* **INSTRUCTIONS FOR THE TASK**
Without including any pictures, write out all the records word for word.

BEGIN

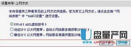 在接下来的界面中,选择你的上网方式,通常大家的上网方式都是pppoe虚拟拨号方式,这也是路由器中缺省的方式,然后点击下一步。
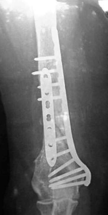 Преконтурированная длинная Locking пластина латерально и вторая под 90 градусов к ней, медиальнее сзади с достаточным количеством аутокости из крыла создаст нужную стабильность и условия для скорейшей разработки движения в суставе.
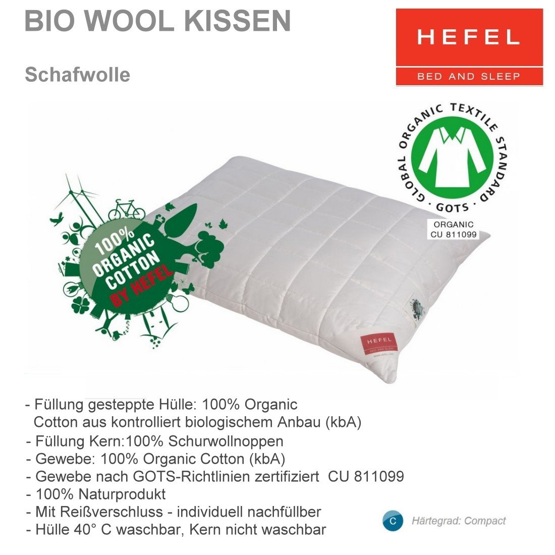 Produktinformationen "HEFEL Bio Wool Kopfkissen Schafwolle"
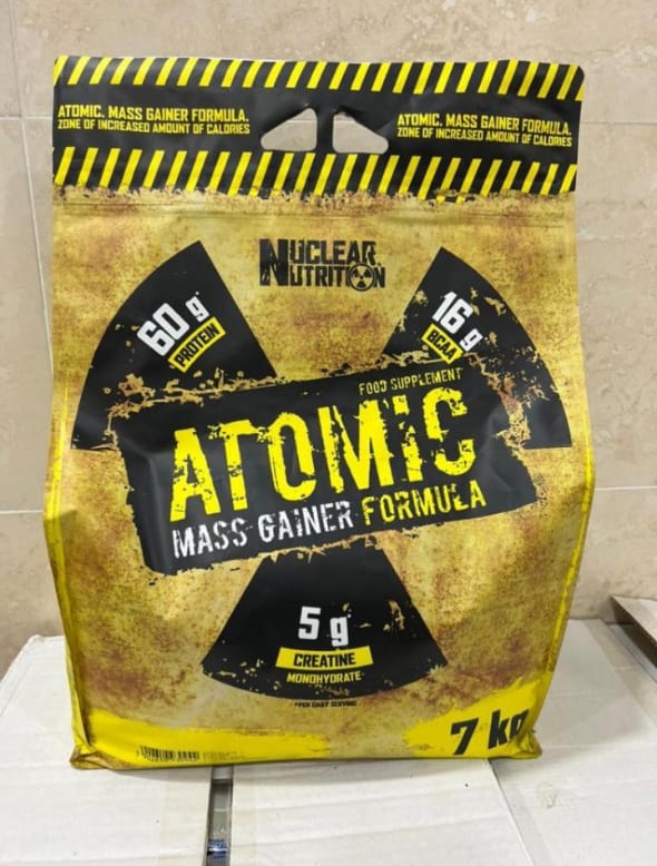 گینر مس اتمیک ناکلیر Nuclear Atomic Mass Gainer Formula یک مکمل پودری است که برای تهیه نوشیدنی پروتئینی و کربوهیدراتی مغذی غنی شده با کراتین و ال گلوتامین طراحی شده است و به بزرگسالانی که ورزش های با شدت بالا را انجام می دهند توصیه می شود. پروتئین به رشد و حفظ توده عضلانی کمک می کند. کراتین عملکرد بدنی را در فوران های متوالی تمرینات کوتاه مدت و با شدت بالا افزایش می دهد، اثر مفیدی با مصرف روزانه 3 گرم کراتین به دست می آید.برای تهیه نمونه اورجینال این محصول با ضمانت اصالت به سایت www.mokamel-star.com مراجعه فرمائید.مواد تشکیل دهنده:مالتودکسترین، کمپلکس پروتئین [کنسانتره پروتئین وی (از شیر)، دوغ، پروتئین وی ایزوله (از شیر)، کنسانتره پروتئین وی هیدرولیز شده (از شیر)، کازئین میسلار (از شیر)]، کاکائو، کراتین مونوهیدرات، ال-گلوتامین ضخیم کننده (صمغ زانتان)، کنسانتره آب چغندر، طعم دهنده ها شیرین کننده (سوکرالوز).طریقه مصرف :۲الی ۳ بار در روز بستگی به مقدار نیاز و هر بار ۲ اسکوپ از این محصول را در ۲۵۰ میلی لیتر اب یا شیر سرد به خوبی به وسیله شیکر حل کرد و میل کنید.
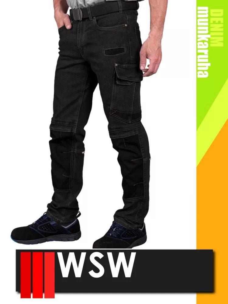 WSW MED DENIM BLACK technikai kevertszálas derekas farmer munkanadrág - munkaruha

END

* **ANSWER TO THIS EXERCISE**
 在接下来的界面中,选择你的上网方式,通常大家的上网方式都是pppoe虚拟拨号方式,这也是路由器中缺省的方式,然后点击下一步。
 Преконтурированная длинная Locking пластина латерально и вторая под 90 градусов к ней, медиальнее сзади с достаточным количеством аутокости из крыла создаст нужную стабильность и условия для скорейшей разработки движения в суставе.
 Produktinformationen "HEFEL Bio Wool Kopfkissen Schafwolle"
 گینر مس اتمیک ناکلیر Nuclear Atomic Mass Gainer Formula یک مکمل پودری است که برای تهیه نوشیدنی پروتئینی و کربوهیدراتی مغذی غنی شده با کراتین و ال گلوتامین طراحی شده است و به بزرگسالانی که ورزش های با شدت بالا را انجام می دهند توصیه می شود. پروتئین به رشد و حفظ توده عضلانی کمک می کند. کراتین عملکرد بدنی را در فوران های متوالی تمرینات کوتاه مدت و با شدت بالا افزایش می دهد، اثر مفیدی با مصرف روزانه 3 گرم کراتین به دست می آید.برای تهیه نمونه اورجینال این محصول با ضمانت اصالت به سایت www.mokamel-star.com مراجعه فرمائید.مواد تشکیل دهنده:مالتودکسترین، کمپلکس پروتئین [کنسانتره پروتئین وی (از شیر)، دوغ، پروتئین وی ایزوله (از شیر)، کنسانتره پروتئین وی هیدرولیز شده (از شیر)، کازئین میسلار (از شیر)]، کاکائو، کراتین مونوهیدرات، ال-گلوتامین ضخیم کننده (صمغ زانتان)، کنسانتره آب چغندر، طعم دهنده ها شیرین کننده (سوکرالوز).طریقه مصرف :۲الی ۳ بار در روز بستگی به مقدار نیاز و هر بار ۲ اسکوپ از این محصول را در ۲۵۰ میلی لیتر اب یا شیر سرد به خوبی به وسیله شیکر حل کرد و میل کنید.
 WSW MED DENIM BLACK technikai kevertszálas derekas farmer munkanadrág - munkaruha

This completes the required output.